_What to do_
Could you give again exactly, and only, the lines from the one holding "0.6mm Steel Flat" through the end of the data, both ends included, with pictures left out?

(Data excerpt begins)

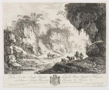 LANDERER, Ferdinand (1730 Stein unter Ems - 1796 Vienna). Rocky brook landscape with shepherds and their flocks.
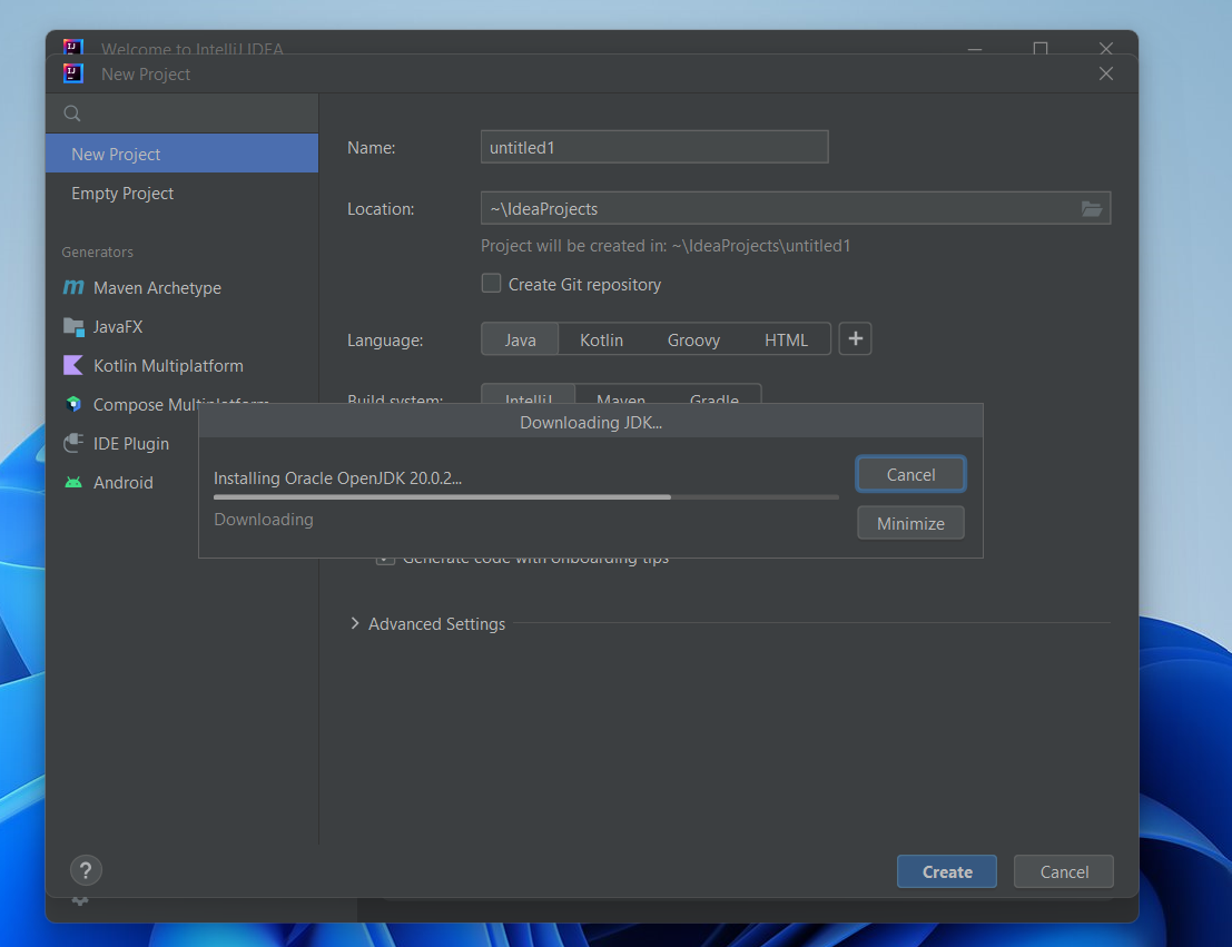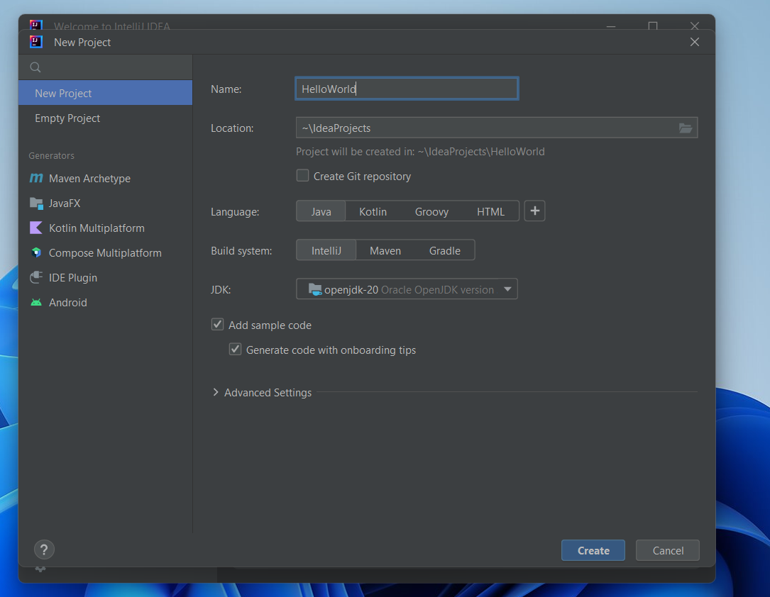 После скачивания JDK, укажем имя проекта. Поменяем его с untitled1 на HelloWorld и нажимаем Create.
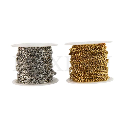 0.6mm Steel Flat Oval Plate Links Chain - Coil. Quantity per package: - 20 meters silver; - 10 meters gold...
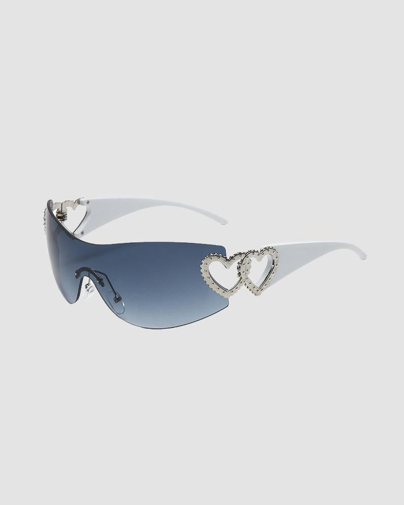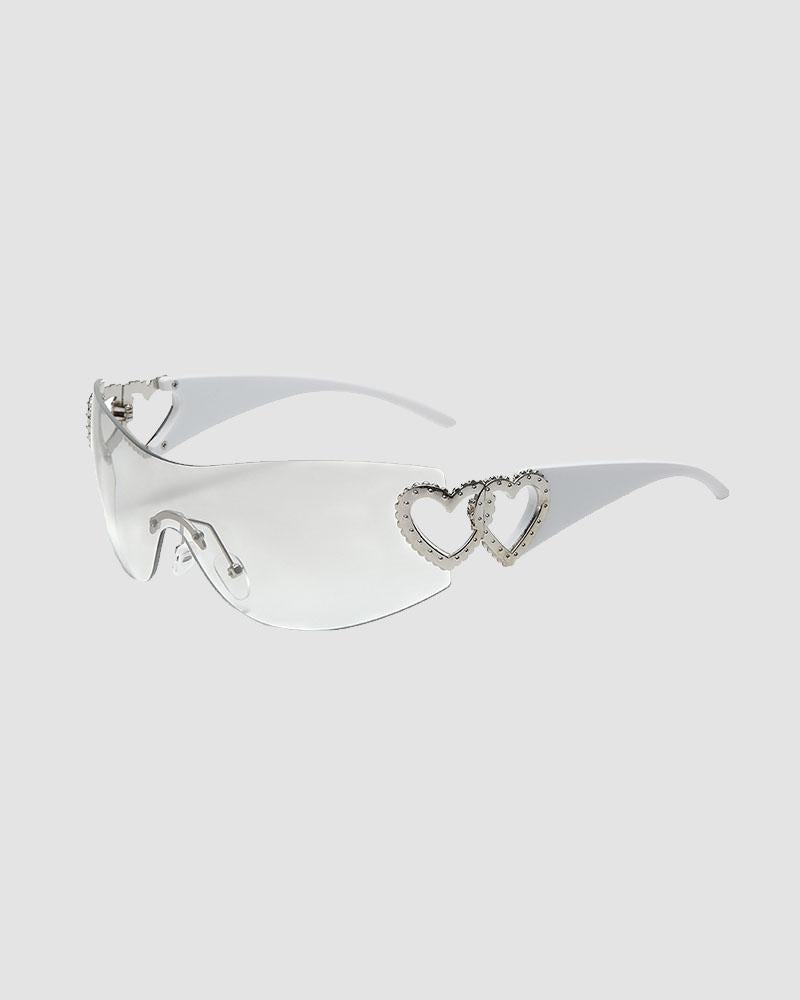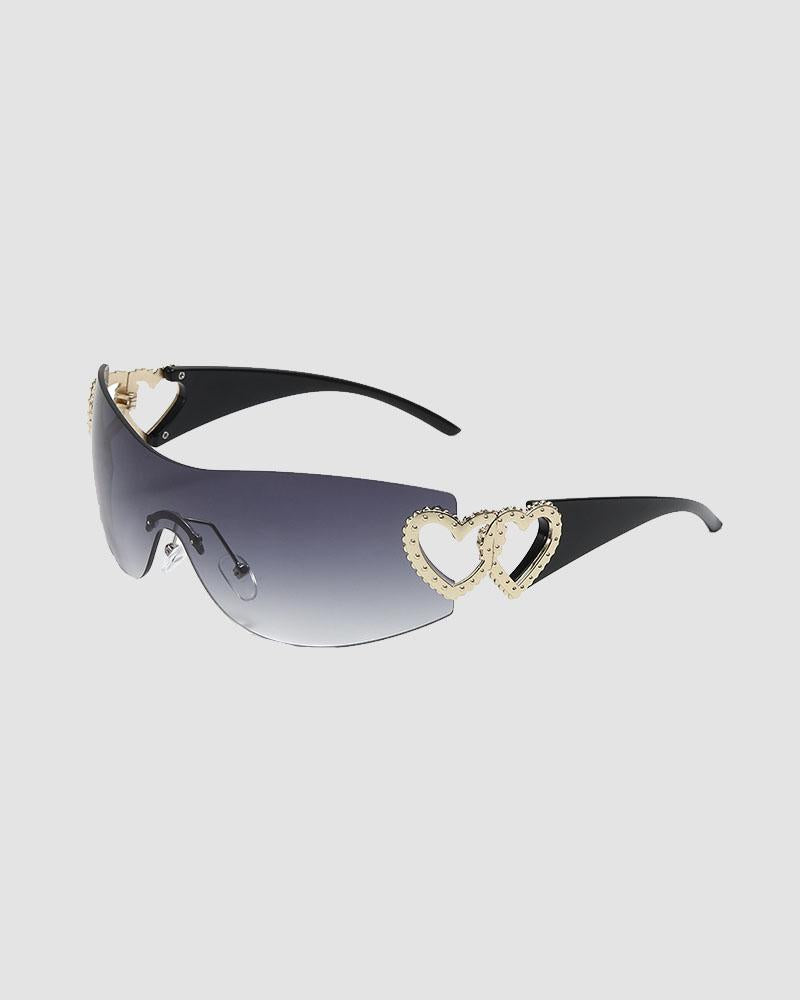 Details: A pair of sunglasses with double heart design

(Data excerpt ends)

_Response for this exercise_
 0.6mm Steel Flat Oval Plate Links Chain - Coil. Quantity per package: - 20 meters silver; - 10 meters gold...
 Details: A pair of sunglasses with double heart design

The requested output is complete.